WHAT YOU NEED TO DO: Your copy should repeat the data that follows exactly and contain no image.

SUPPLIED MATERIAL:
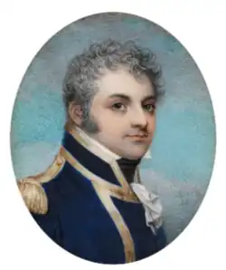 Vice-Admiral Robert Plampin (1762 – 14 February 1834) was a British Royal Navy officer during the late 18th and early 19th centuries, serving in the American Revolutionary War, the French Revolutionary Wars and the Napoleonic Wars, but best known for his time as commander of the British colony of Saint Helena in the South Atlantic during the period when former Emperor Napoleon Bonaparte was imprisoned there. Born into a Navy family, Plampin went to sea at age 13 and fought throughout the American Revolutionary War, based principally in the Caribbean Sea. During the French Revolutionary Wars, Plampin served in a number of ships with mixed success, once being involved in a shipwreck and twice serving ashore during sieges. After the Peace of Amiens, Plampin took command of the ship of the line HMS Powerful and operated successfully in the Atlantic and the Indian Ocean. In 1816, following the defeat and capture of the French Emperor, Plampin was placed in command of the squadron at the Cape of Good Hope, which also had responsibility for Saint Helena, which Plampin regularly visited and had numerous conversations with Napoleon.
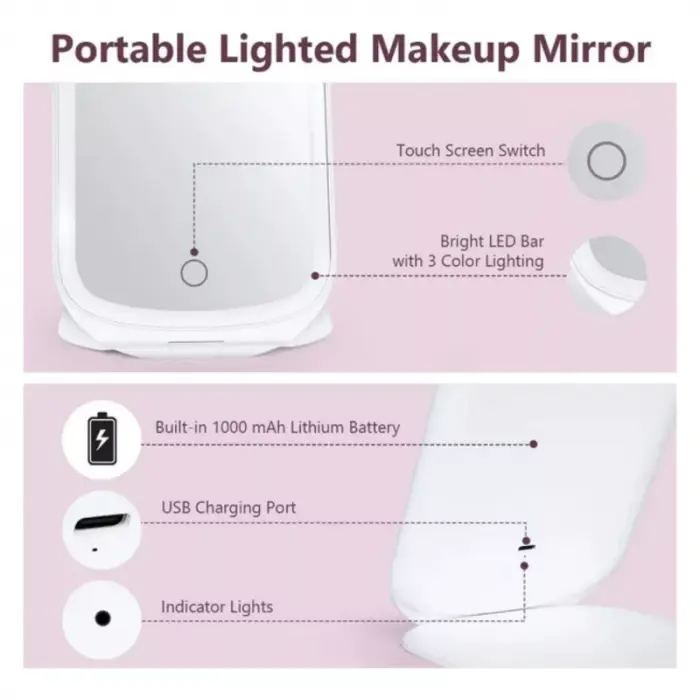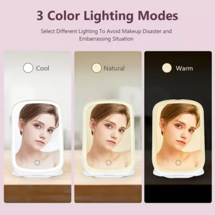 - 3 modos: elige entre tres temperaturas de color de luz: luz fría, natural o cálida. Este pequeño espejo compacto con luz se adapta a cada experimento de cuidado de la piel en tu sala de maquillaje
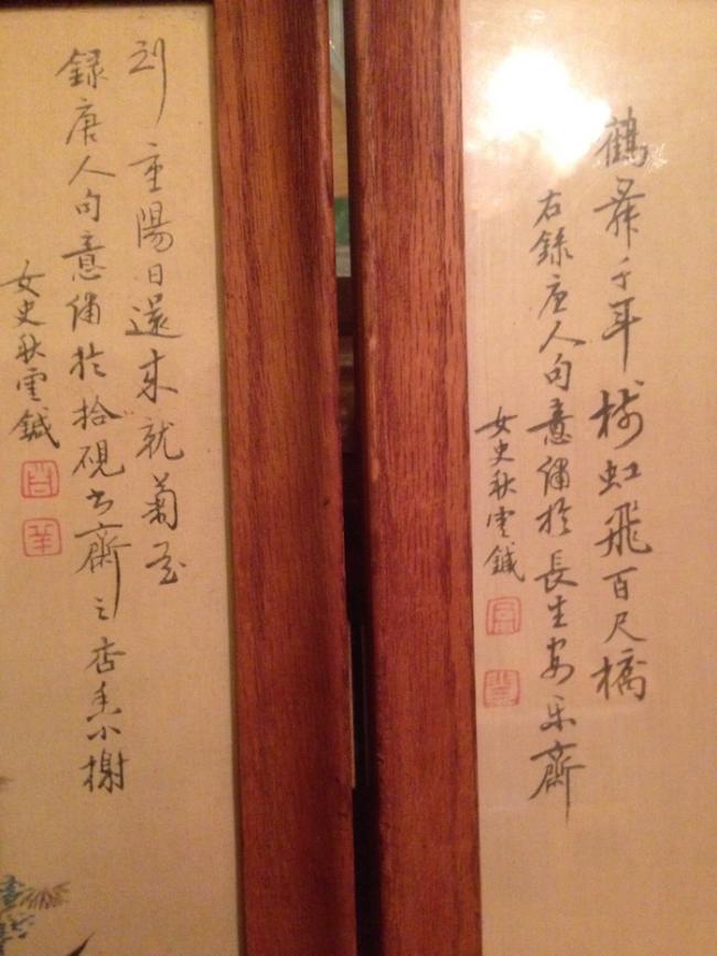 仔细端详,画工细致,色彩莹润,画框剥落陈旧,有些年头了。让人惊奇之处是每副画都有题字和落款。 题字为小楷隶书,字迹华滋遒劲,结体秀美,点画之间呼应紧密。柔润而坚强,形体端秀。 落款为 ”女史秋云“。

PROBLEM SOLUTION:
 Vice-Admiral Robert Plampin (1762 – 14 February 1834) was a British Royal Navy officer during the late 18th and early 19th centuries, serving in the American Revolutionary War, the French Revolutionary Wars and the Napoleonic Wars, but best known for his time as commander of the British colony of Saint Helena in the South Atlantic during the period when former Emperor Napoleon Bonaparte was imprisoned there. Born into a Navy family, Plampin went to sea at age 13 and fought throughout the American Revolutionary War, based principally in the Caribbean Sea. During the French Revolutionary Wars, Plampin served in a number of ships with mixed success, once being involved in a shipwreck and twice serving ashore during sieges. After the Peace of Amiens, Plampin took command of the ship of the line HMS Powerful and operated successfully in the Atlantic and the Indian Ocean. In 1816, following the defeat and capture of the French Emperor, Plampin was placed in command of the squadron at the Cape of Good Hope, which also had responsibility for Saint Helena, which Plampin regularly visited and had numerous conversations with Napoleon.
 - 3 modos: elige entre tres temperaturas de color de luz: luz fría, natural o cálida. Este pequeño espejo compacto con luz se adapta a cada experimento de cuidado de la piel en tu sala de maquillaje
 仔细端详,画工细致,色彩莹润,画框剥落陈旧,有些年头了。让人惊奇之处是每副画都有题字和落款。 题字为小楷隶书,字迹华滋遒劲,结体秀美,点画之间呼应紧密。柔润而坚强,形体端秀。 落款为 ”女史秋云“。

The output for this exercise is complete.